>>>>>

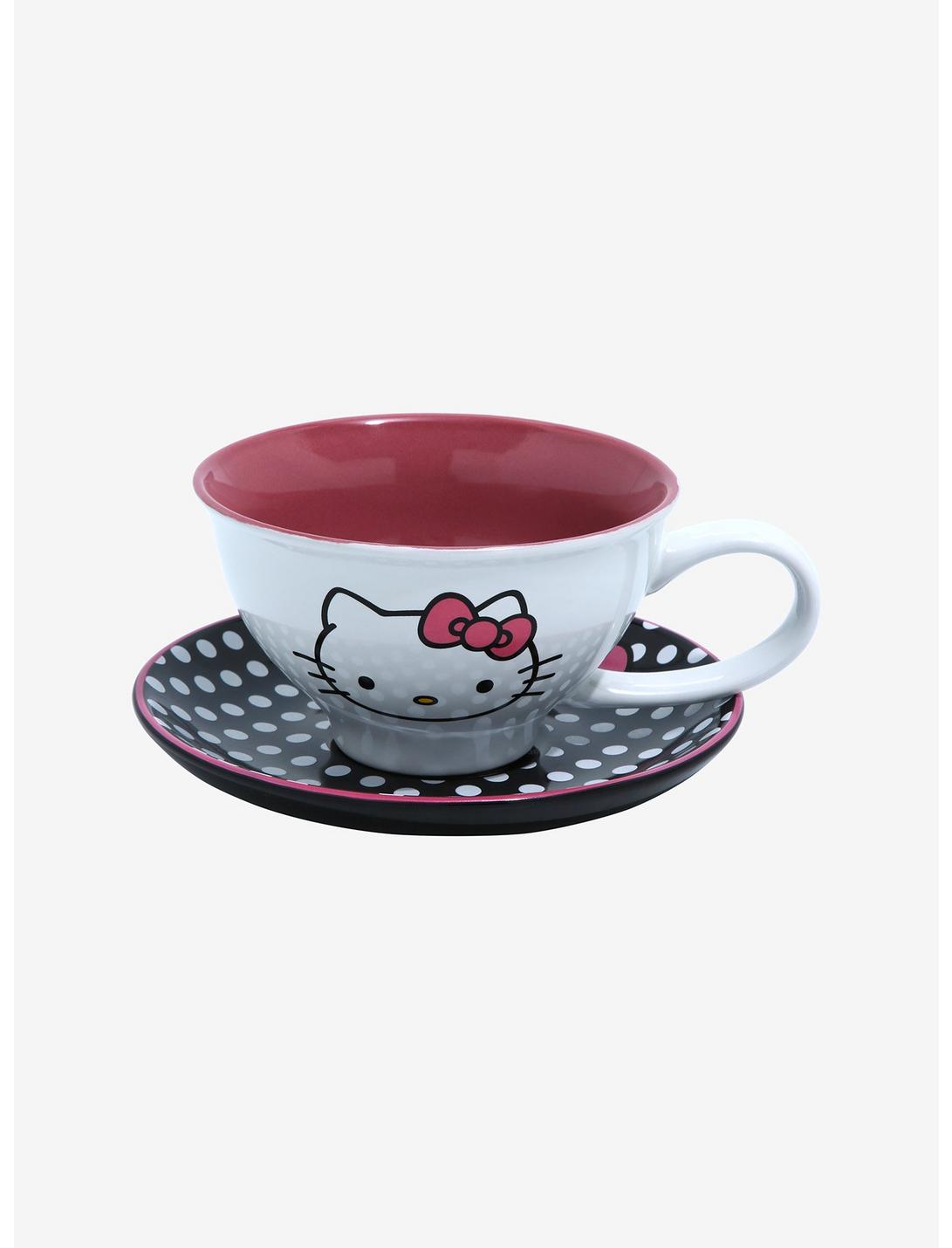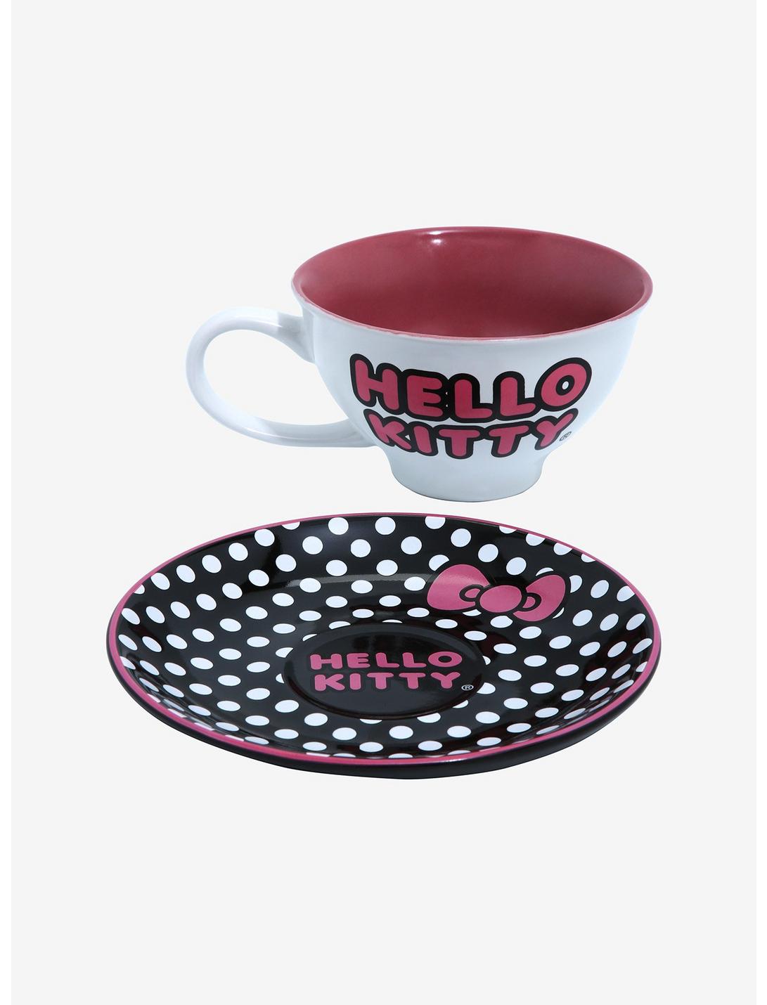 ¡Llévate a casa este elegante juego de taza de té y platillo para una adición moderna a tu colección de vasos! Inspirada en Hello Kitty, la mascota de Sanrio aparece en el frente de esta taza de té con las letras "Hello Kitty" en la parte posterior. El platillo luce un estampado de lunares por toda la prenda con más letras de "Hello Kitty" y su característico lazo rosa. ¡Ahora puedes compartir un brindis con un amigo de Sanrio cada vez que uses este juego de vasos!
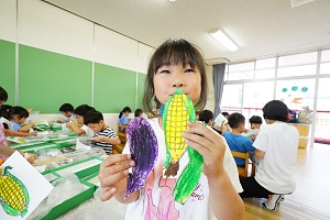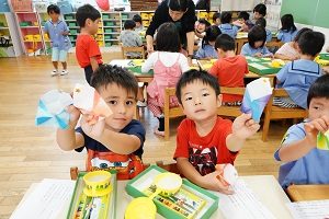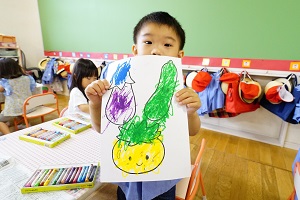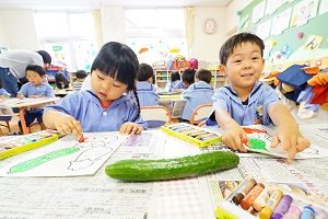 今日は,七夕の飾りを作りました。年少組さんはクレヨンでナスとキュウリとトマトをぬりました。今朝も本物のキュウリが10本くらいとれたのでそれを見てぬりました。年長組さんは絵の具でぬりました。水彩絵の色がきれいです。年中組さんはクレヨンでぬって,切り取りました。
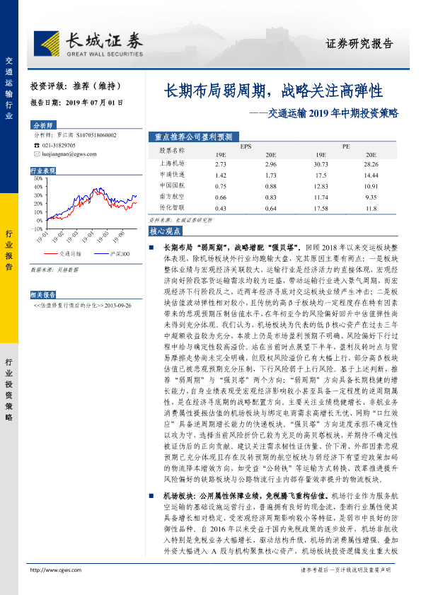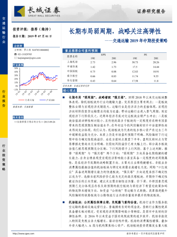 【长城证券】【20190701】交通运输2019年中期投资策略:长期布局弱周期,战略关注高弹性-34页
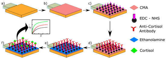 Schematic recreation of the bio-functionalization of a WE (a) representation of an activated gold electrode, (b) electrodeposition of CMA on gold WEs by applying CV, (c) CMA activation by incubation of mixture EDC/NHS, (d) bio-functionalization through incubation with anti-cortisol antibodies, (e) deactivation of the remaining active groups by incubation in ethanolamine solution, (f) incubation of the platform into cortisol solution followed by detection of cortisol by EIS.
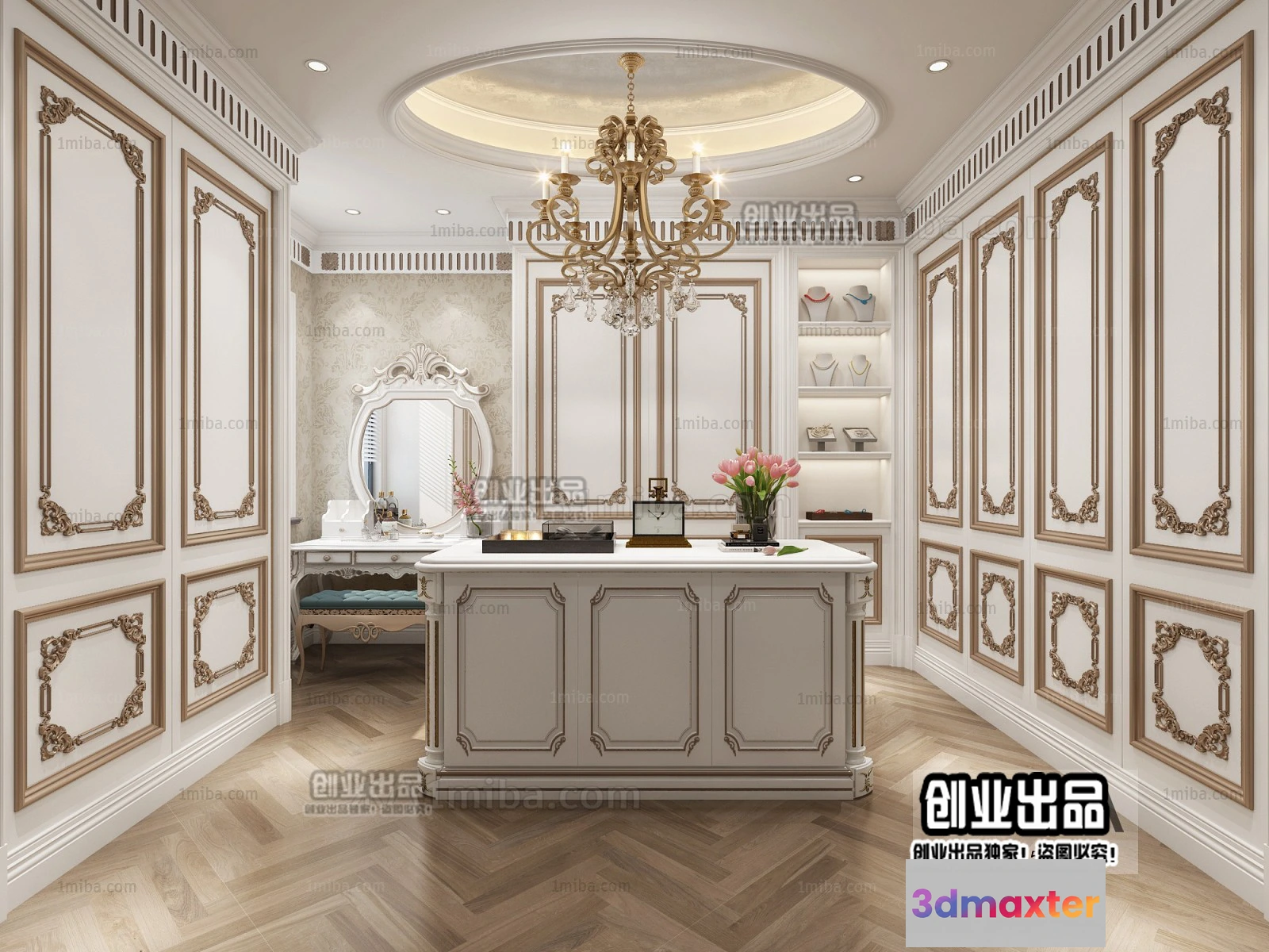 Dressing Room 3D Interior Scene – European Style – 041 3D Max
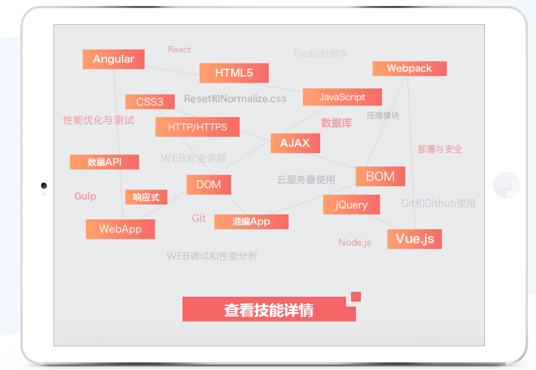 | JS、BOM&DOM、Vue.js | 降低jQuery比重,增加async/await、ES6模块规 范、原生触屏事件、TypeScript语言 | |
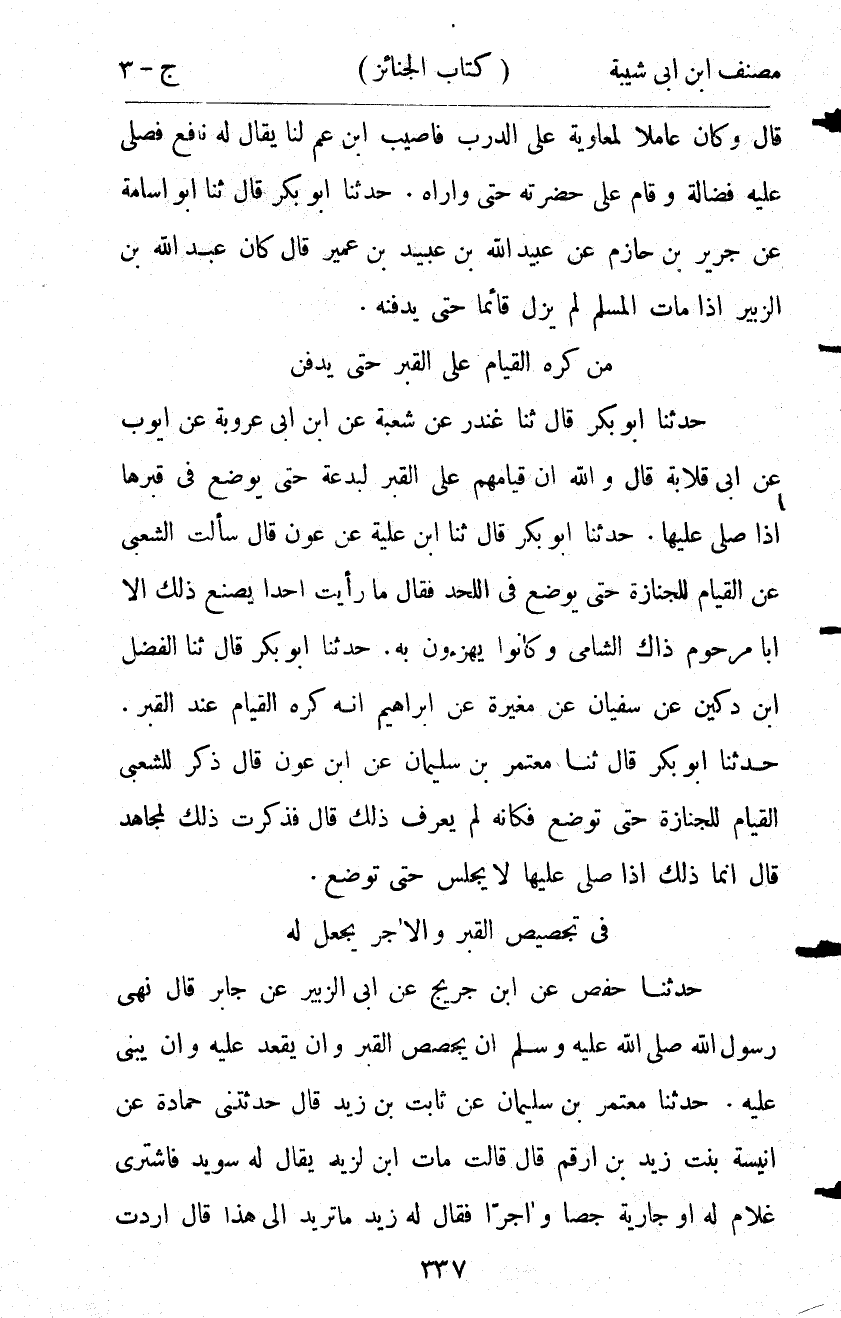 11881- حدَّثَنَا أَبُو أُسَامَةَ ، عَنْ جَرِيرِ بْنِ حَازِمٍ ، عَنْ عُبَيْدِ اللهِ بْنِ عُبَيْدِ بْنِ عُمَيْرِ ، قَالَ : كَانَ عَبْدُ اللهِ بْنُ الزُّبَيْرِ إذَا مَاتَ له الميت لَمْ يَزَلْ قَائِمًا حَتَّى يَدْفِنَهُ.
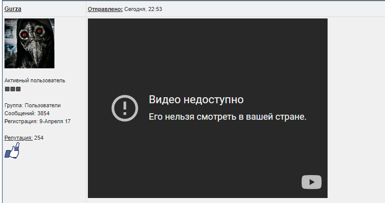 Цитата (KaZus @ Мар 8 2022, 23:18) Там что, забористая пропаганда? Добавляйте текстовое описание к своим роликам. Уже не первый такой Ставь ВПН и обходи цензуру в вашей стране. |
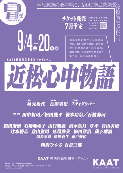 現代演劇の金字塔にKAAT神奈川芸術劇新芸術監督・長塚圭史が挑む。彼が2021年メインシーズンの演出第1弾に選んだのは『近松心中物語』。
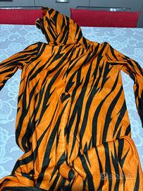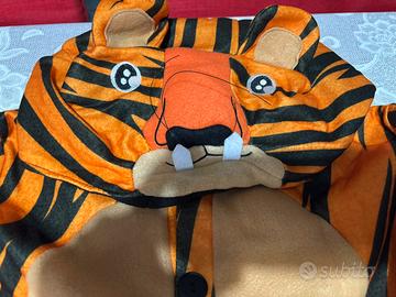 Vestito Carnevale Tigrotto, nuovo tuta intera felpata con cappuccio da tigre, chiusura con bottoni anteriore.

<<<<<

What to work on
After removing the pictures, set down every record above exactly as it stands.

Result
 ¡Llévate a casa este elegante juego de taza de té y platillo para una adición moderna a tu colección de vasos! Inspirada en Hello Kitty, la mascota de Sanrio aparece en el frente de esta taza de té con las letras "Hello Kitty" en la parte posterior. El platillo luce un estampado de lunares por toda la prenda con más letras de "Hello Kitty" y su característico lazo rosa. ¡Ahora puedes compartir un brindis con un amigo de Sanrio cada vez que uses este juego de vasos!
 今日は,七夕の飾りを作りました。年少組さんはクレヨンでナスとキュウリとトマトをぬりました。今朝も本物のキュウリが10本くらいとれたのでそれを見てぬりました。年長組さんは絵の具でぬりました。水彩絵の色がきれいです。年中組さんはクレヨンでぬって,切り取りました。
 【长城证券】【20190701】交通运输2019年中期投资策略:长期布局弱周期,战略关注高弹性-34页
 Schematic recreation of the bio-functionalization of a WE (a) representation of an activated gold electrode, (b) electrodeposition of CMA on gold WEs by applying CV, (c) CMA activation by incubation of mixture EDC/NHS, (d) bio-functionalization through incubation with anti-cortisol antibodies, (e) deactivation of the remaining active groups by incubation in ethanolamine solution, (f) incubation of the platform into cortisol solution followed by detection of cortisol by EIS.
 Dressing Room 3D Interior Scene – European Style – 041 3D Max
 | JS、BOM&DOM、Vue.js | 降低jQuery比重,增加async/await、ES6模块规 范、原生触屏事件、TypeScript语言 | |
 11881- حدَّثَنَا أَبُو أُسَامَةَ ، عَنْ جَرِيرِ بْنِ حَازِمٍ ، عَنْ عُبَيْدِ اللهِ بْنِ عُبَيْدِ بْنِ عُمَيْرِ ، قَالَ : كَانَ عَبْدُ اللهِ بْنُ الزُّبَيْرِ إذَا مَاتَ له الميت لَمْ يَزَلْ قَائِمًا حَتَّى يَدْفِنَهُ.
 Цитата (KaZus @ Мар 8 2022, 23:18) Там что, забористая пропаганда? Добавляйте текстовое описание к своим роликам. Уже не первый такой Ставь ВПН и обходи цензуру в вашей стране. |
 現代演劇の金字塔にKAAT神奈川芸術劇新芸術監督・長塚圭史が挑む。彼が2021年メインシーズンの演出第1弾に選んだのは『近松心中物語』。
 Vestito Carnevale Tigrotto, nuovo tuta intera felpata con cappuccio da tigre, chiusura con bottoni anteriore.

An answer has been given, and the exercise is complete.